- Time Evolution Operator
1. Time Symmetry: Schrödinger Picture
The inner product between two states should be preserved under time evolution:
$\langle\phi|\psi\rangle = \langle\phi|U^{\dagger}(\Delta t)U(\Delta t)|\psi\rangle$, where $U(\Delta t)|\psi\rangle = |\psi;\Delta t\rangle$
Therefore, $U^{\dagger}(\Delta t)U(\Delta t) = 1$
This means that $U(\Delta t)$ is a unitary operator.

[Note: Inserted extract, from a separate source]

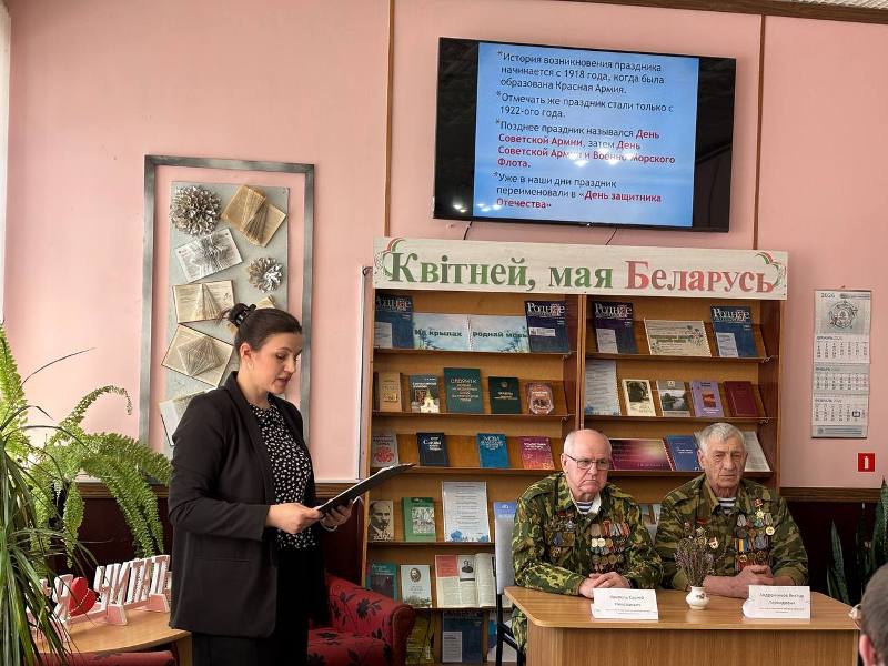 = 16 февраля в читальном зале центральной районной библиотеки в рамках программы ”Лабиринты закона“ для учащихся ГУО ”Лепельский государственный аграрно-технический колледж“ прошел час вопросов и ответов ”Глазами и сердцем солдата“. На встречу с учащимися были приглашены председатель районной организации воинов-интернационалистов Сергей Кривель и член совета Лепельской районной организация ОО БСВВА Виктор Андрейчиков. Гости мероприятия рассказали ребятам, что значит быть патриотом своей страны и нести нелегкую военную службу. Подростки с большим интересом слушали рассказ о том, какой была жизнь воина-интернационалиста вдалеке от дома, в суровых боевых условиях и как все мечтали вернуться к родным и близким. Сергей Кривель напомнил, что человек немыслим без Родины, края, места, где он родился. Он призвал всех ребят с гордостью и честью отслужить в Вооруженных силах Республики Беларусь и нести почетное звание защитника Отечества. В завершение мероприятия сотрудники библиотеки от всей души поздравили всех присутствующих с наступающим праздником 23 февраля.

2. General Form of Unitary Operator $U$
$U=e^{i\Omega}$, where $\Omega^{\dagger} = \Omega$
3. Representation of $U(\Delta t)$
$U(\Delta t) = e^{i\Delta t \Omega}$
4. Verification of Group Property
$U(\Delta t_2)U(\Delta t_1) = U(\Delta t_1 + \Delta t_2)$ holds:
$$U(\Delta t_2)U(\Delta t_1) = e^{i\Delta t_2 \Omega}e^{i\Delta t_1 \Omega} = e^{i(\Delta t_1+\Delta t_2)\Omega}$$
5. Approximation of $U(\Delta t)$
For small $\Delta t$:
$U(\Delta t) \approx 1 + i\Omega \Delta t$
6. Unitary Equivalence Transformation: Heisenberg Picture
$|x’\rangle \to |x’; \Delta t\rangle( = U^{\dagger}(\Delta t)|x’\rangle )$ $\leftrightarrow$ $x|x’\rangle = x U(\Delta t)U^{\dagger}(\Delta t)|x’\rangle = x’|x’\rangle$
From $x U(\Delta t)U^{\dagger}(\Delta t)|x’\rangle = x’|x’\rangle$, multiplying both sides by $U^{\dagger}(\Delta t)$:
$U^{\dagger}(\Delta t)x U(\Delta t)U^{\dagger}(\Delta t)|x’\rangle = x’U^{\dagger}(\Delta t)|x’\rangle$
Since $U^{\dagger}(\Delta t)|x’\rangle = |x’; \Delta t\rangle$:
$U^{\dagger}(\Delta t)x U(\Delta t)|x’; \Delta t\rangle = x(\Delta t)|x’; \Delta t\rangle$
Therefore, $x \to x(\Delta t) = U^{\dagger}(\Delta t)x U(\Delta t)$
7. Approximate Calculation of Unitary Equivalence Transformation
Using $U(\Delta t) = 1 + i\Omega \Delta t$:
$$\begin{align*} &U^{\dagger}(\Delta t)x U(\Delta t) \\ &= (1 - i\Omega \Delta t)x(1 + i\Omega \Delta t)\\ &= x + i \Delta t[x,\Omega] + O((\Delta t)^2) \end{align*}$$$$\begin{align*} &U^{\dagger}(\Delta t)x U(\Delta t)|x'; \Delta t\rangle\\ &\approx (x + i \Delta t[x,\Omega])|x'; \Delta t\rangle = x(\Delta t)|x'; \Delta t\rangle \end{align*}$$Therefore, $-\Delta x+ i \Delta t[x,\Omega]=0$, which means $i[x,\Omega] = \frac{\Delta x}{\Delta t}$
This gives us $i \hbar \frac{\Delta x}{\Delta t} = [x,-\hbar \Omega]$, so $[x,H] = [x,-\hbar \Omega]$
Therefore, $\Omega = -\frac{H}{\hbar}$
8. Exponential Representation of $U(\Delta t)$
Since $U(\Delta t) = e^{i\Omega \Delta t}$ and $\Omega = -\frac{H}{\hbar}$:
$$U(\Delta t) = e^{-\frac{i}{\hbar}H \Delta t}$$
This is the time evolution operator in quantum mechanics, showing how quantum states evolve over time according to the Hamiltonian $H$.